Deficits in morphology and syntax (i.e., morphosyntax) are ubiquitous in children diagnosed with DLD. These observations have led to proposals suggesting that language deficits stem from limitations in linguistic knowledge (e.g., tense marking rules, phrase structure rules, movement, etc.; . One of the earliest among the agreement, tense, and number marking accounts is the Extended Optional Infinitive (EOI) account [123]. According to Wexler (1994), around 4–5 years of age, typically developing children undergo a stage by which they optionally mark the tense and number on finite verbs in main clauses (e.g., she drinks coffee can optionally be *she drink coffee; the asterisk represents an ungrammatical utterance) [124]. In cases where tense/number is not marked, children tend to produce the infinitive form of the verb (i.e., drink). Building off of Wexler’s account, Rice et al. (1995) suggested that children with DLD remain in this optional infinitive stage for a period of time that extends beyond that of a typically developing child, before their grammatical usage catches up to that of an adult (if it does at all; see [125]).
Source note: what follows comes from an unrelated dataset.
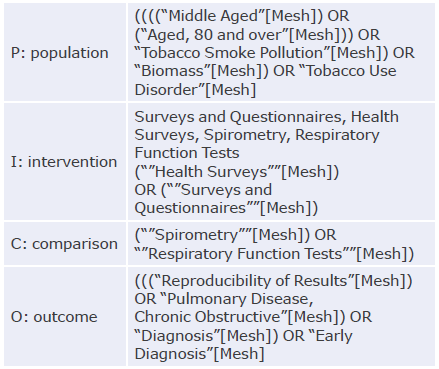 (((((((((("Middle Aged"[Mesh]) OR ("Aged, 80 and over"[Mesh])) OR "Tobacco Smoke Pollution"[Mesh]) OR "Biomass"[Mesh]) OR "Tobacco Use Disorder"[Mesh])) AND ((""Health Surveys""[Mesh]) OR (""Surveys and Questionnaires""[Mesh]))) AND ((""Spirometry""[Mesh]) OR ""Respiratory Function Tests""[Mesh]))) AND (((("Reproducibility of Results"[Mesh]) OR "Pulmonary Disease, Chronic Obstructive"[Mesh]) OR "Diagnosis"[Mesh]) OR "Early Diagnosis"[Mesh]))) AND (((("Cohort Studies"[Mesh]) OR "Longitudinal Studies"[Mesh]) OR "Prospective Studies"[Mesh]) OR "Incidence"[Mesh]) Filters: Publication date from 1997/07/01 to 2017/07/15

The EOI account works well to characterize error patterns made by children diagnosed with DLD when speaking languages such as English and French, but it fails to account for the grammatical errors made by children who use other languages such as Italian and Spanish due to cross-linguistic differences in syntactic structure. Thus, a number of theoretical accounts followed which expanded on the EOI premise that children with DLD struggle with aspects of tense and agreement (see [125,126,127]). However, evidence has shown that children with DLD are not limited to errors in just tense and/or agreement as these accounts suggest, and thus, this theory underspecifies observed errors. To address this issue of limited scope, other accounts focused on structural complexity, such as the Representational Deficit for Dependent Relations (RDDR), suggesting that deficits stem from difficulty with performing these complex operations. One example would be the movement of a wh-question word (e.g., who) to the front of a sentence to form a question [122,128,129]. Though accounts such as the RDDR cover a wider range of deficits, especially across languages, they lack specificity, particularly concerning how and in which instances children with DLD struggle with complex operations. Further, the connection between deficits across different linguistic domains (i.e., syntax, morphology, and phonology) needs clarification since it is unclear how deficits in processing complex syntactic structures would also result in other deficits discussed in the sections below.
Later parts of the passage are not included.